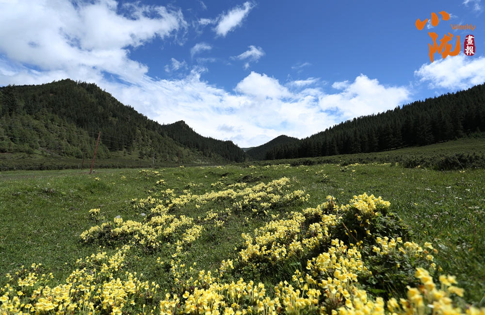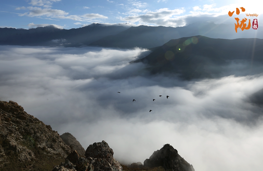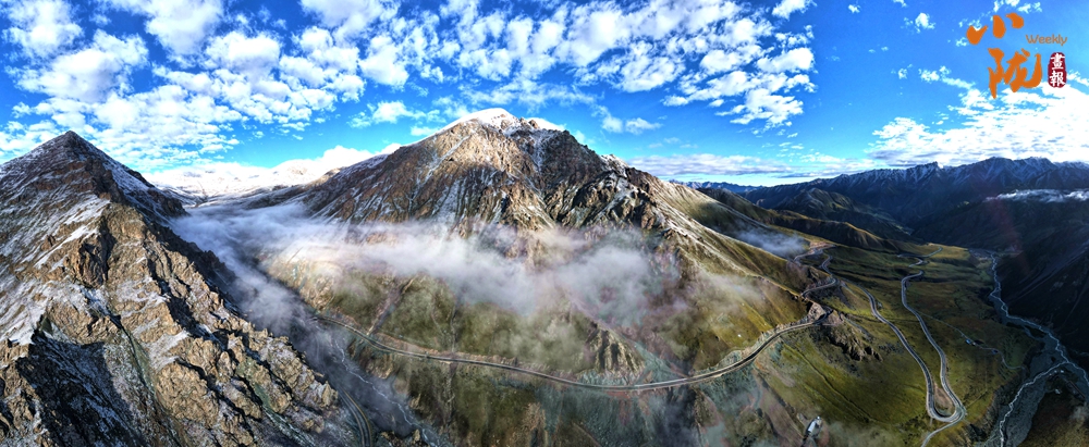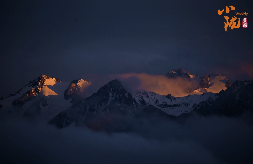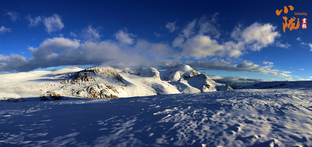 側目而視,近日一場降雪和夏日閑云相伴相依,近處的雪和遠處的云相映成趣,共同把天空擦拭得深藍如鏡。這種“積雪長留峰素裹,浮云飄忽去無邊”的夢幻景色,會將你平日里積蓄在心頭的那些世俗凡塵濯洗得干干凈凈,有一種遠離人世的幻覺。
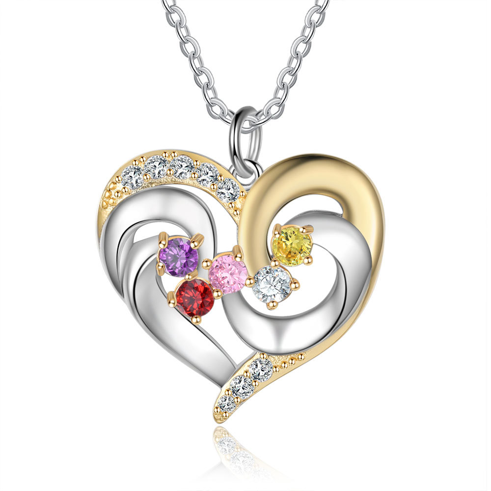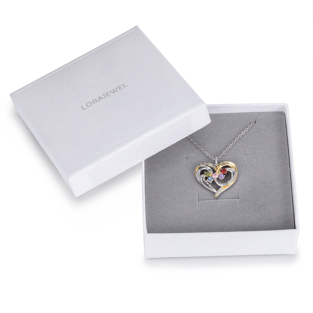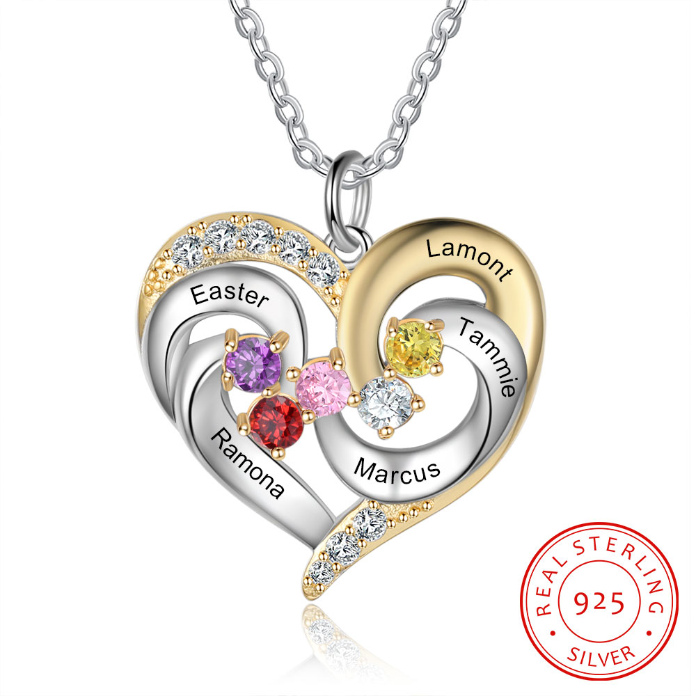 Personalized Heart Necklace With 5 Birthstones Engraved Names Gift For Women
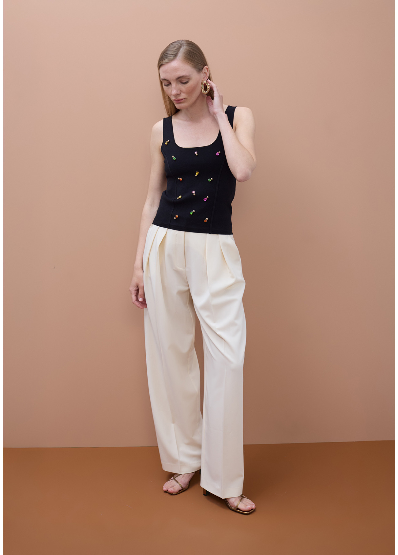 Top de punto ajustado con elegante detalle de joyas multicolor que aporta luz y sofisticación al look. Su diseño femenino con escote redondeado y tirantes anchos ofrece un ajuste cómodo y favorecedor.

..........

→ Activity
Each line of the data is to be duplicated exactly; pictures stay out of the copy.

→ Expected output
 側目而視,近日一場降雪和夏日閑云相伴相依,近處的雪和遠處的云相映成趣,共同把天空擦拭得深藍如鏡。這種“積雪長留峰素裹,浮云飄忽去無邊”的夢幻景色,會將你平日里積蓄在心頭的那些世俗凡塵濯洗得干干凈凈,有一種遠離人世的幻覺。
 Personalized Heart Necklace With 5 Birthstones Engraved Names Gift For Women
 Top de punto ajustado con elegante detalle de joyas multicolor que aporta luz y sofisticación al look. Su diseño femenino con escote redondeado y tirantes anchos ofrece un ajuste cómodo y favorecedor.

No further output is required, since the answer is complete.